Work to complete: Only one stretch of the data is wanted: the line containing "The Peach State", the line containing "Myer Natural Oak", and every line between them, copied exactly.

Provided information:
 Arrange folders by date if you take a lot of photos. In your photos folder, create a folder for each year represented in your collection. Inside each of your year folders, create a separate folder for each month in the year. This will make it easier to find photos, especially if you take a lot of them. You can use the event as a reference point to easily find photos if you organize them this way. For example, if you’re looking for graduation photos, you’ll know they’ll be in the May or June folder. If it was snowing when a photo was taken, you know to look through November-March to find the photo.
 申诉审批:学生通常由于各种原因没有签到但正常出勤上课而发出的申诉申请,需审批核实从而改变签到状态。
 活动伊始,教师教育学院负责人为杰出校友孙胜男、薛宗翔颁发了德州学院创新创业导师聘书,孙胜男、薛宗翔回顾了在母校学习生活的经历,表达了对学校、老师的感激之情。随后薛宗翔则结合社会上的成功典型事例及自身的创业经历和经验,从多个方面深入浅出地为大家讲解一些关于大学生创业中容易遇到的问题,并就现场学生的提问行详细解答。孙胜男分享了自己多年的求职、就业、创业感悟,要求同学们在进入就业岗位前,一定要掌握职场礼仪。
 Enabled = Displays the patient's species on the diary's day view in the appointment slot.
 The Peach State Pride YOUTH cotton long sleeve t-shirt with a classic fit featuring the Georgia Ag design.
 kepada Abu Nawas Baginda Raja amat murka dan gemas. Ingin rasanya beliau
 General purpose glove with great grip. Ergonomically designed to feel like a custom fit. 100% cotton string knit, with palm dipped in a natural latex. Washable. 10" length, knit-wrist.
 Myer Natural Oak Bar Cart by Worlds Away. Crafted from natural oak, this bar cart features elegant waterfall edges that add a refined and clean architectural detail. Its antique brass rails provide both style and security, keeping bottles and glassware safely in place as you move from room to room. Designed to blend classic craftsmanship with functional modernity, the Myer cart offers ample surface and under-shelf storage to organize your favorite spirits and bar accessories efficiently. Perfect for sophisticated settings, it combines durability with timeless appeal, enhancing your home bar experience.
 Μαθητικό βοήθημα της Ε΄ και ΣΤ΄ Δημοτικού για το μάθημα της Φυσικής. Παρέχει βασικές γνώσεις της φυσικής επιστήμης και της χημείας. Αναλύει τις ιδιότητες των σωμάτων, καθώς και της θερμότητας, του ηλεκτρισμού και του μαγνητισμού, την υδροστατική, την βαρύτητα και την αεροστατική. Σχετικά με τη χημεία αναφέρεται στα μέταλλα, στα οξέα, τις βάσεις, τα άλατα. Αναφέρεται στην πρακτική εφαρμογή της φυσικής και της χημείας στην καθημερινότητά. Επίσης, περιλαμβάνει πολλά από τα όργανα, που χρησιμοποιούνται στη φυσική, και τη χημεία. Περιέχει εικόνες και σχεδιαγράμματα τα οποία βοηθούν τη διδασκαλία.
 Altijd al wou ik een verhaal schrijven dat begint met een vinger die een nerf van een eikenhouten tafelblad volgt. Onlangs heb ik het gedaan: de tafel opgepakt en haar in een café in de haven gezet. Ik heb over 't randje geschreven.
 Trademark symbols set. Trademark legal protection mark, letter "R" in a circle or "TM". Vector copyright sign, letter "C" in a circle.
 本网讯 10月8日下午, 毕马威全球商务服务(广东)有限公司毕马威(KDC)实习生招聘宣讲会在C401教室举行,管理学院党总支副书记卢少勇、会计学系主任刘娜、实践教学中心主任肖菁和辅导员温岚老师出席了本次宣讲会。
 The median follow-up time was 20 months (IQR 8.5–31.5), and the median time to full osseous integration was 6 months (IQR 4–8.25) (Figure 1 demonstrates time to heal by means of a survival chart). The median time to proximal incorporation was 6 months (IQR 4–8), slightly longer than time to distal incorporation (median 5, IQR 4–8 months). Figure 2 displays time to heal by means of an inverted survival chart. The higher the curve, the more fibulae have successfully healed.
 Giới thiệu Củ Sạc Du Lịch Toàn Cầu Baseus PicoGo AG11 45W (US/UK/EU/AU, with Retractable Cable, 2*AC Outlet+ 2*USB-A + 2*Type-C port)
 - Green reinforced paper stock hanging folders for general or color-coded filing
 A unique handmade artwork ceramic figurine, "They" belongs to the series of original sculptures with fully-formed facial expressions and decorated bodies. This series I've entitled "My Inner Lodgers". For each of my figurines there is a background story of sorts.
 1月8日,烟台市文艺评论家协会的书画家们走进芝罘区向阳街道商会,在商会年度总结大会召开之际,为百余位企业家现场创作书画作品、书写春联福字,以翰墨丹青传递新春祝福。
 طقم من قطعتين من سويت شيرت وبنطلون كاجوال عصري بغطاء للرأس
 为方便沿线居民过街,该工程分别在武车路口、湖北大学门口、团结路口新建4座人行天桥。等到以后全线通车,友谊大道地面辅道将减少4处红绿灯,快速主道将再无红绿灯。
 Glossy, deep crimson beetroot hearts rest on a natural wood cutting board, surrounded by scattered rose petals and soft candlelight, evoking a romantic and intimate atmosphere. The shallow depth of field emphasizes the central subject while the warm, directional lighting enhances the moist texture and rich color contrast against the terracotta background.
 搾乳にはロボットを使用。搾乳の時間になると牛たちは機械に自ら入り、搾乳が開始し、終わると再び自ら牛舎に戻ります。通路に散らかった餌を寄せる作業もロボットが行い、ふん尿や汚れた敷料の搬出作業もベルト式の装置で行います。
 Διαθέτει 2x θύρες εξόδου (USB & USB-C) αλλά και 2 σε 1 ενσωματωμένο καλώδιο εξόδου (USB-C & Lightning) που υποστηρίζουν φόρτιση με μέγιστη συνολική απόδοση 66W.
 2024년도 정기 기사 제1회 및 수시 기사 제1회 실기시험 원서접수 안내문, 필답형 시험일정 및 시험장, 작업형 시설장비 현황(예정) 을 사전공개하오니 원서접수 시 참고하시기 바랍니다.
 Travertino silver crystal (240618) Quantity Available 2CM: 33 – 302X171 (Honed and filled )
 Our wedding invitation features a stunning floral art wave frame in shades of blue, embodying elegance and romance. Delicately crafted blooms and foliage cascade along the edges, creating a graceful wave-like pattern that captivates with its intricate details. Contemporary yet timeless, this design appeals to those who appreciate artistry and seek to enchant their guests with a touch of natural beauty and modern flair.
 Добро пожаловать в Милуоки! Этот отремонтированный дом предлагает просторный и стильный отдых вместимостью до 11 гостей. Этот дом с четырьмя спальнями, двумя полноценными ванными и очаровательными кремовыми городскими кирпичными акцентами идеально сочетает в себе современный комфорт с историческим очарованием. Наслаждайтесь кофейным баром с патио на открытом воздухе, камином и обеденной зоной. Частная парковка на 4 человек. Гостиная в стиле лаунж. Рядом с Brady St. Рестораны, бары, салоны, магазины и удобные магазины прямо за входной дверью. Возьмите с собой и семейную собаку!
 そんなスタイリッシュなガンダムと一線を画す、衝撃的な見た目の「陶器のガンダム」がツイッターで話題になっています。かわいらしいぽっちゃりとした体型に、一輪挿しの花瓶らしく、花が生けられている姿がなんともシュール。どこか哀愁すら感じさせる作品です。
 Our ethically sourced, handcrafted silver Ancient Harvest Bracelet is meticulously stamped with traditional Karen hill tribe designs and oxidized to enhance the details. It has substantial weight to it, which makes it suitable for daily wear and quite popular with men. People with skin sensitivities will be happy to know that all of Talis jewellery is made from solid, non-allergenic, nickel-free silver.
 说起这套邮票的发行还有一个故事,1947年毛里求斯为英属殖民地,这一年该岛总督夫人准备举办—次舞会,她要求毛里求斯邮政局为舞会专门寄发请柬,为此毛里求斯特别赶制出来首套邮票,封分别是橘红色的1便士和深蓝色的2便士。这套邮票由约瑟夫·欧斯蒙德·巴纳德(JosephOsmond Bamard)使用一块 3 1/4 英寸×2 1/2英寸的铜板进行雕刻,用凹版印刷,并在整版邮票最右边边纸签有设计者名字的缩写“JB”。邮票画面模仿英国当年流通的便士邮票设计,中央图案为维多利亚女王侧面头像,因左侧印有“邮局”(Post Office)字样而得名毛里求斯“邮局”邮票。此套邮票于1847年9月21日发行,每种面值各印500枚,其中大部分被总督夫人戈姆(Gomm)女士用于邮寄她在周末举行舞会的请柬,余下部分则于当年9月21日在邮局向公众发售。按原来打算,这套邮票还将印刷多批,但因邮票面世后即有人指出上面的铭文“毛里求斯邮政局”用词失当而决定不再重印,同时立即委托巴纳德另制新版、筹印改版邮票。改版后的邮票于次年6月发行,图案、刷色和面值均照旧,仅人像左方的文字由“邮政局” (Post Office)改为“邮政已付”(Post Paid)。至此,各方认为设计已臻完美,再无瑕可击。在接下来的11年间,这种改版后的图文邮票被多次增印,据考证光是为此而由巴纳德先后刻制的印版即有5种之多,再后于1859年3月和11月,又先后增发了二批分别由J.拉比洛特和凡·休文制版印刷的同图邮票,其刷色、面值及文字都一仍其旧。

Answer for the task:
 The Peach State Pride YOUTH cotton long sleeve t-shirt with a classic fit featuring the Georgia Ag design.
 kepada Abu Nawas Baginda Raja amat murka dan gemas. Ingin rasanya beliau
 General purpose glove with great grip. Ergonomically designed to feel like a custom fit. 100% cotton string knit, with palm dipped in a natural latex. Washable. 10" length, knit-wrist.
 Myer Natural Oak Bar Cart by Worlds Away. Crafted from natural oak, this bar cart features elegant waterfall edges that add a refined and clean architectural detail. Its antique brass rails provide both style and security, keeping bottles and glassware safely in place as you move from room to room. Designed to blend classic craftsmanship with functional modernity, the Myer cart offers ample surface and under-shelf storage to organize your favorite spirits and bar accessories efficiently. Perfect for sophisticated settings, it combines durability with timeless appeal, enhancing your home bar experience.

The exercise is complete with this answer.